Task requirements:
With the pictures removed, please write out every line below exactly as given.
---- Working data
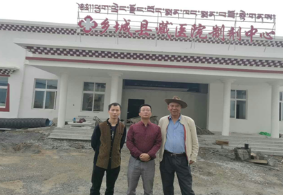 ?? 謝鍵(中)與鄉(xiāng)城藏醫(yī)院阿麥院長(右)檢查制劑大樓修建情況
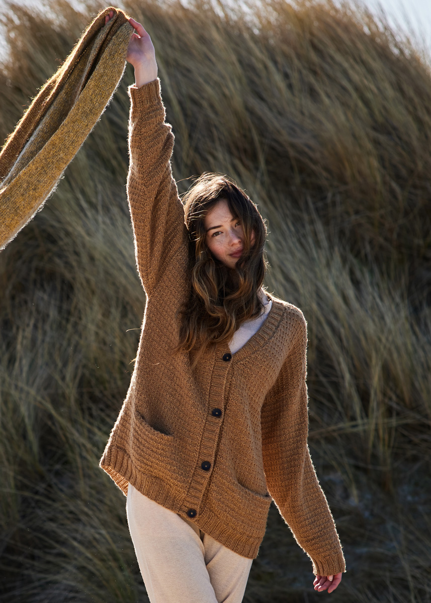 Lana Grossa-Qualität „Cool Merino“ (90 % Schurwolle (Merino), 10 % Polyamid, LL = ca 150 m/50 g): ca 500 (550 - 600) g Camel (Fb 11); Stricknadeln Nr 5 und 6; Häkelnadel Nr 5; 4 Knöpfe in Braun, 22 mm Durchmesser.
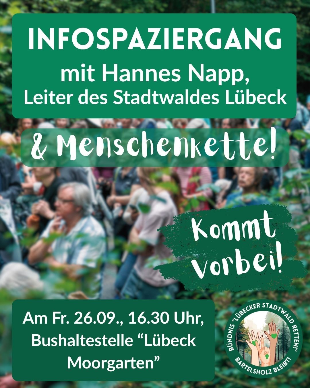 Ein Bündnis von BUND Lübeck, Ende Gelände Lübeck, Frauenverband Courage, Freunde des Stadtwaldes Lübeck, Fridays for Future Lübeck, #GemeinsamBuddeln, Greenpeace Lübeck, La Rage Lübeck, NABU Lübeck, Naturfreigeist, Naturschutzbeirat Lübeck, Naturwaldakademie,Naturwald Akademie, Omas for Future Lübeck, Psychologists for Future Lübeck, Stadtverwaldung Lübeck, Umweltgewerkschaft Lübeck
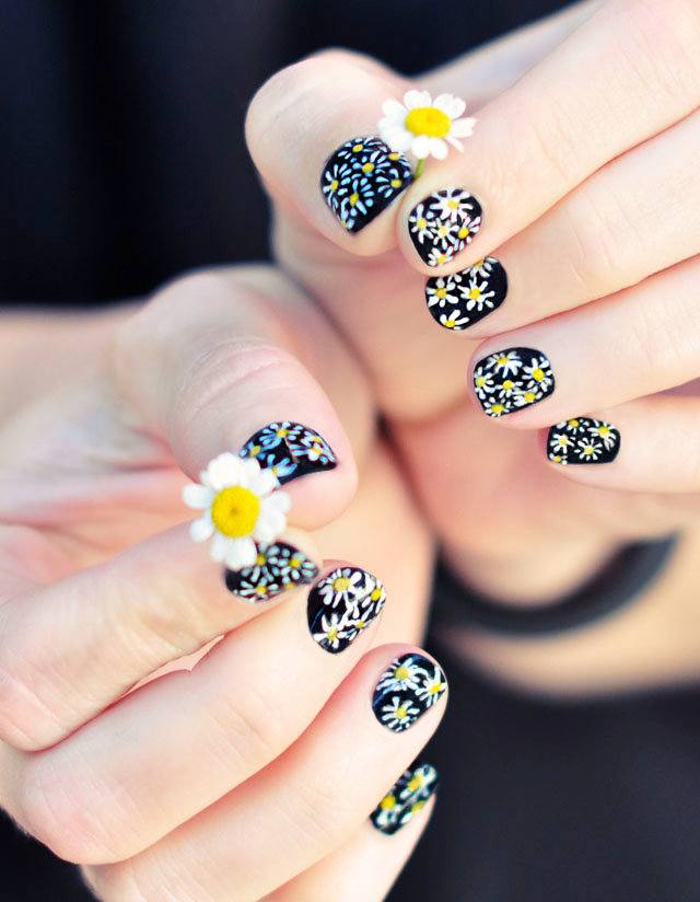 Magnifique manucure avec marguerites sur fond noir
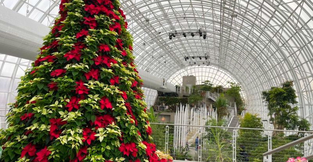 The fall Pumpkinville festival draws crowds with thousands of pumpkins arranged across the grounds in creative displays, and the overall atmosphere shifts into something festive and family-friendly. The holiday season brings its own magic, including a dramatic poinsettia tree installation inside the conservatory that becomes a favorite photo stop for visitors of all ages.
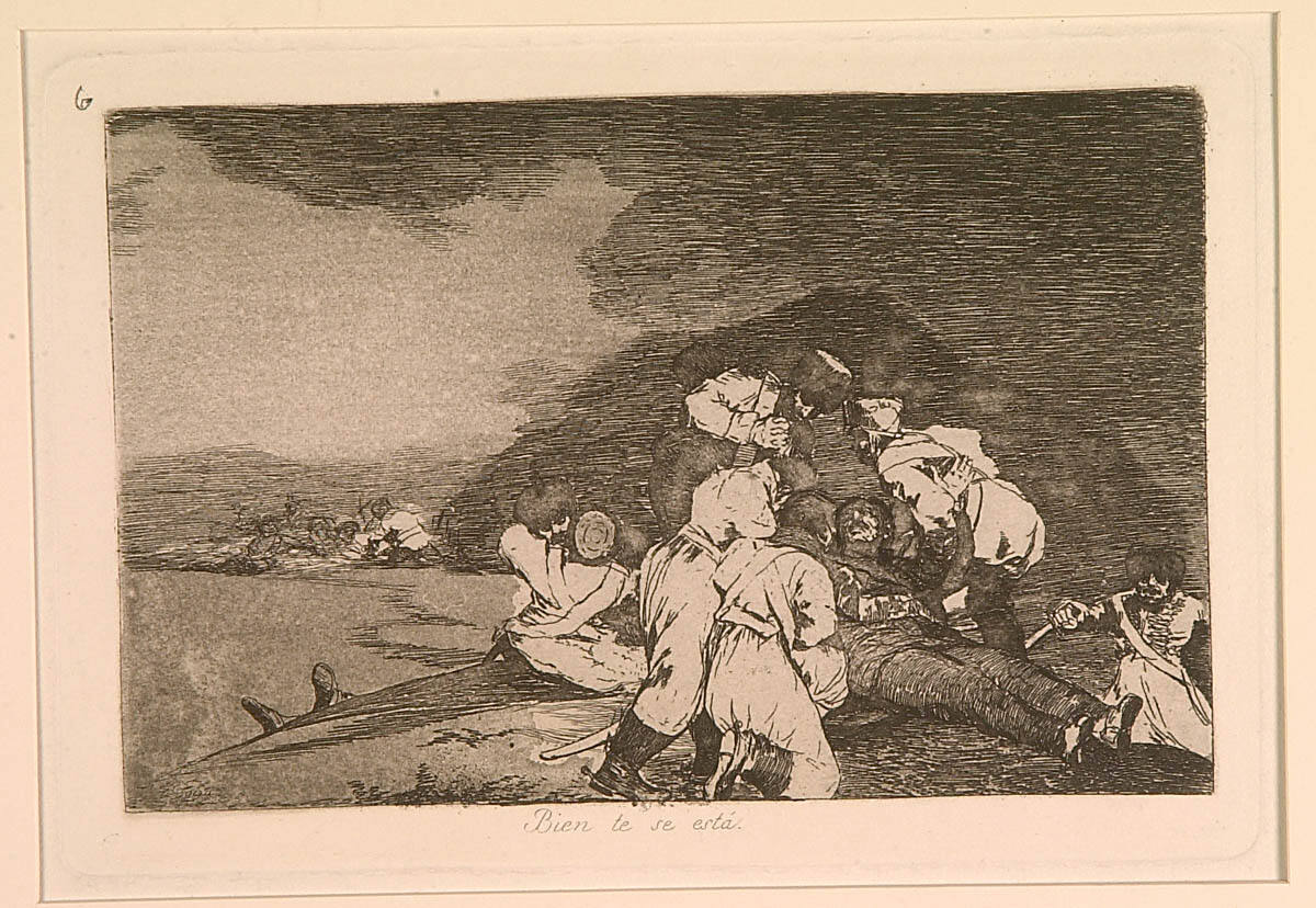 Tomás Harris, Goya Engravings and Lithographs (Oxford: Bruno Cassirer, 1964), 1: no. 126, p. 32, (repro.), as Bien te se está. (It serves you right.); 2: no. 126, p. 185, (repro.), as Bien te se está. (It serves you right.).
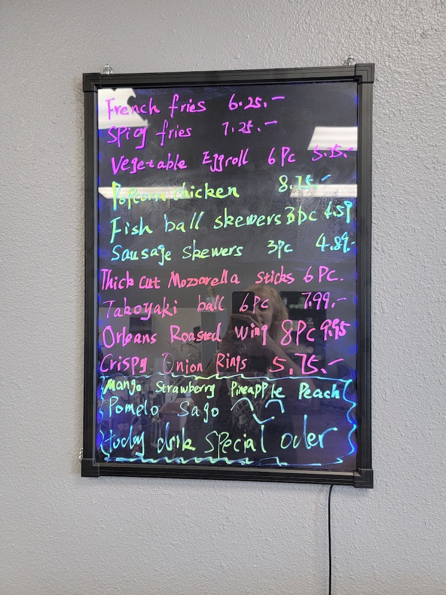 This menu is clearly curated to satisfy a wide spectrum of tastes, from creamy milk teas to fresh fruit infusions and crispy, flavorful snacks, all under one roof, making it a memorable stop for casual diners and boba enthusiasts alike.
--------
Reply to the exercise:
 ?? 謝鍵(中)與鄉(xiāng)城藏醫(yī)院阿麥院長(右)檢查制劑大樓修建情況
 Lana Grossa-Qualität „Cool Merino“ (90 % Schurwolle (Merino), 10 % Polyamid, LL = ca 150 m/50 g): ca 500 (550 - 600) g Camel (Fb 11); Stricknadeln Nr 5 und 6; Häkelnadel Nr 5; 4 Knöpfe in Braun, 22 mm Durchmesser.
 Ein Bündnis von BUND Lübeck, Ende Gelände Lübeck, Frauenverband Courage, Freunde des Stadtwaldes Lübeck, Fridays for Future Lübeck, #GemeinsamBuddeln, Greenpeace Lübeck, La Rage Lübeck, NABU Lübeck, Naturfreigeist, Naturschutzbeirat Lübeck, Naturwaldakademie,Naturwald Akademie, Omas for Future Lübeck, Psychologists for Future Lübeck, Stadtverwaldung Lübeck, Umweltgewerkschaft Lübeck
 Magnifique manucure avec marguerites sur fond noir
 The fall Pumpkinville festival draws crowds with thousands of pumpkins arranged across the grounds in creative displays, and the overall atmosphere shifts into something festive and family-friendly. The holiday season brings its own magic, including a dramatic poinsettia tree installation inside the conservatory that becomes a favorite photo stop for visitors of all ages.
 Tomás Harris, Goya Engravings and Lithographs (Oxford: Bruno Cassirer, 1964), 1: no. 126, p. 32, (repro.), as Bien te se está. (It serves you right.); 2: no. 126, p. 185, (repro.), as Bien te se está. (It serves you right.).
 This menu is clearly curated to satisfy a wide spectrum of tastes, from creamy milk teas to fresh fruit infusions and crispy, flavorful snacks, all under one roof, making it a memorable stop for casual diners and boba enthusiasts alike.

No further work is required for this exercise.